The world of real estate changes by the day. Leases commence, leases expire, buildings are built, workers are hired, businesses close or move. Every action causes a real estate reaction. Suddenly available space may be snapped up quickly or it could sit vacant on the market for 3 years. The decisions of businesses are fickle that way.
This is why urgency is required in real estate decisions. This is not to say that decisions should be made quickly or without complete review. But they should always be on the table.
For example- you may have a lease expiring in 18 months that you would love to just simply renew. However, based on the timing and cycles of the local real estate market it may be to your advantage to renew earlier rather than later. In midsize markets a single large transaction can raise the short-term new lease rates across the area for a year. Beating that transaction to market could reduce your total renewal costs (even if you end up paying a bit more today). But without the sense of urgency you’d never be out in the market early enough to see the warning signs of such an event occurring.
Similarly, landlord’s go through unique situations from time to time and being in the market and aware of situations may give you an opportunity to help both yourself and your landlord based on time sensitive events. But without a sense of urgency with any given lease or location you may never be aware of it.
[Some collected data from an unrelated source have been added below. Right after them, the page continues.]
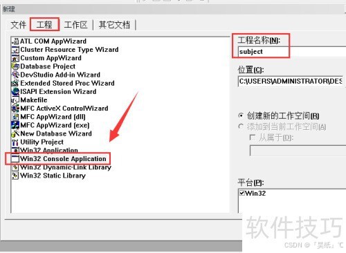 1、 启动VC++6.0后,双击打开程序,依次选择菜单栏中的文件→新建,在弹出窗口中切换到工程选项卡,选择Win32 Console Application,并为项目输入名称。首次使用时需指定保存路径,随后勾选建立一个空工程,最后点击确定完成创建。
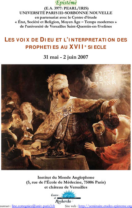 Actes parus : Les voix de Dieu. Littérature et prophétie en Angleterre et en France à l’âge baroque, Line Cottegnies, Claire Gheeraert-Graffeuille, Tony Gheeraert, Anne-Marie Miller-Blaise et Gisèle Venet (éds.), Éditions Presses Sorbonne Nouvelle, Nancy, juillet 2008, 16 x 24 cm, 316 p., 23 €.
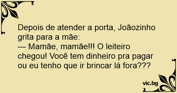 — Mamãe, mamãe!!! O leiteiro chegou! Você tem dinheiro pra pagar ou eu tenho que ir brincar lá fora???
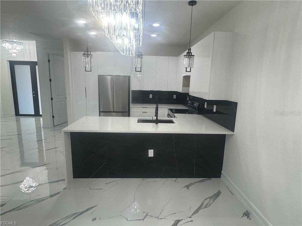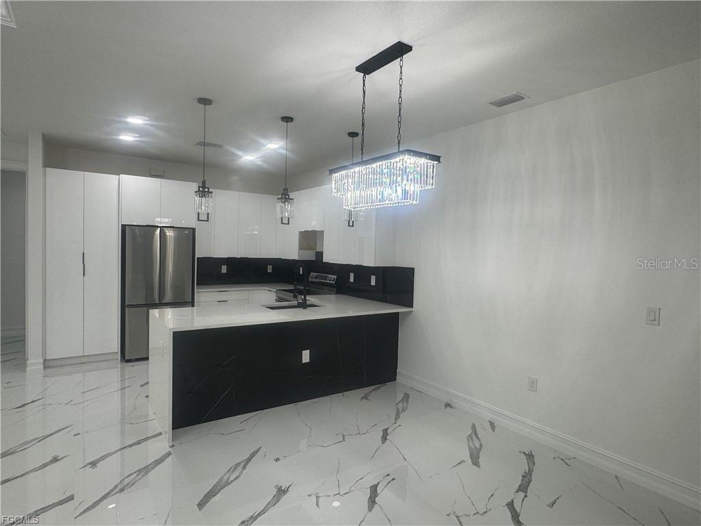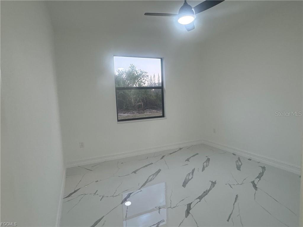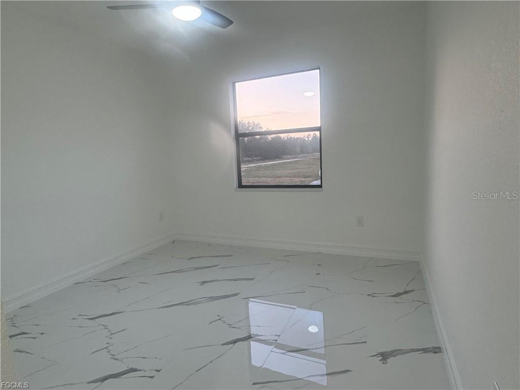 Welcome to an exceptional new construction residence in the heart of Lehigh Acres, where contemporary luxury meets thoughtful design. This impeccably crafted home presents an enticing blend of sophistication and practical living spaces, offering three bedrooms and two well-appointed bathrooms. Step through the elegant double-door entry into a home that exemplifies modern Florida living. The great room design creates an impressive sense of openness, seamlessly connecting living spaces and establishing an ideal environment for both entertaining and daily life. The heart of this home is its beautifully conceived kitchen, featuring a traditional eat-in design enhanced by a generous island that doubles as a casual dining space. Culinary enthusiasts will appreciate the complete suite of new stainless steel appliances, including a refrigerator, dishwasher, microwave, and range. The kitchen's sophisticated aesthetic is elevated by premium quartz countertops, which extend into the bathrooms, maintaining a cohesive design throughout. The primary bedroom suite stands as a private retreat, boasting a spacious walk-in closet and an elegant bathroom with dual sinks. Two additional bedrooms offer comfortable accommodations for family members or guests, while the second full bathroom ensures convenience for all. Throughout the residence, premium porcelain tile flooring creates a seamless flow, reflecting light and contributing to the home's bright, airy atmosphere. All windows feature stylish zebra blinds, adding a touch of modern elegance while offering versatile light control. Safety and durability were paramount in the design, with impact windows and doors providing peace of mind during Florida's seasonal weather. The covered lanai extends the living space outdoors, offering a serene setting for morning coffee or evening relaxation. Professional landscaping enhances the front yard, creating immediate curb appeal and a welcoming approach to your new home. This residence's location proves equally impressive, positioned just blocks from Lee Boulevard and offering swift access to Fort Myers. The neighborhood boasts exceptional educational opportunities, with schools and a public library nearby. Daily conveniences are equally accessible, with shopping and dining options within easy reach. Notably, this property sits outside designated flood zones, offering additional peace of mind. This new construction represents more than just a house; it's an opportunity to embrace a lifestyle where comfort meets convenience, where modern amenities blend seamlessly with practical living, and where every detail has been carefully considered to create an exceptional living experience. Don't let this remarkable opportunity pass you by - schedule your private showing today and step into your future home.

But urgency is not just a market driven requirement, it also applies to the internal workings of your organization. If you do not take an active approach to understanding the needs of the business, their future space requests may take you by surprise and put you in an unfortunate situation with regards to adding or disposing of space. A sense of urgency will force you to deal with the internal teams the same way you would with a market and allow you to take advantage of time related activities.